• **Instructions to follow**: A verbatim copy of the listing is needed; pictures are to be left out.
*** Data ***
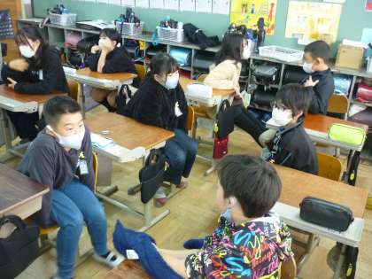 それぞれのクラスの人権目標から、特に心に残ったことを近くの友達と話し合いました。活発に意見交換する姿が、素敵でした。今回のことをきっかけに、友達とよりよい関係を築けるようになってほしいと思います。
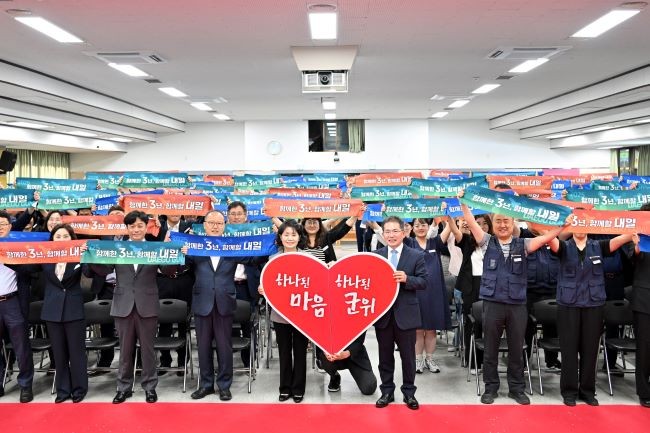 이날 기념식은 '함께한 3년, 함께할 내일'이라는 부제 아래 군위군의 도약을 이끌어 낸 지난 3년 군정 주요 성과를 영상으로 되돌아보고 군정 운영에 헌신해 온 직원들에게 감사의 뜻을 전하는 한편, 향후 군정 방향을 공유하는 자리로 마련됐다.
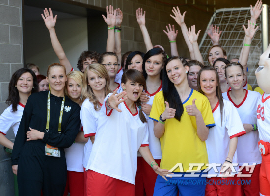 11일(한국시각) 오전 1시 폴란드 그단스크 아레나에서 열리는 유로 2012 스페인과 이탈리아의 경기를 앞두고 식전행사를 준비하는 학생들이 카메라를 보며 깜찍한 포즈를 취하고 있다.
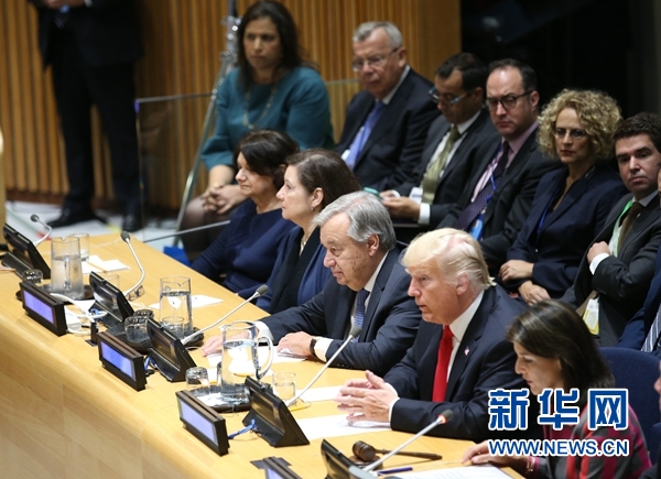 9月24日,在紐約聯(lián)合國總部,聯(lián)合國秘書長(zhǎng)古特雷斯(前排右三)出席“呼吁全球采取行動(dòng)應(yīng)對(duì)世界毒品問題”高級(jí)別會(huì)議。新華社記者秦朗攝
***
• **Written answer**:
 それぞれのクラスの人権目標から、特に心に残ったことを近くの友達と話し合いました。活発に意見交換する姿が、素敵でした。今回のことをきっかけに、友達とよりよい関係を築けるようになってほしいと思います。
 이날 기념식은 '함께한 3년, 함께할 내일'이라는 부제 아래 군위군의 도약을 이끌어 낸 지난 3년 군정 주요 성과를 영상으로 되돌아보고 군정 운영에 헌신해 온 직원들에게 감사의 뜻을 전하는 한편, 향후 군정 방향을 공유하는 자리로 마련됐다.
 11일(한국시각) 오전 1시 폴란드 그단스크 아레나에서 열리는 유로 2012 스페인과 이탈리아의 경기를 앞두고 식전행사를 준비하는 학생들이 카메라를 보며 깜찍한 포즈를 취하고 있다.
 9月24日,在紐約聯(lián)合國總部,聯(lián)合國秘書長(zhǎng)古特雷斯(前排右三)出席“呼吁全球采取行動(dòng)應(yīng)對(duì)世界毒品問題”高級(jí)別會(huì)議。新華社記者秦朗攝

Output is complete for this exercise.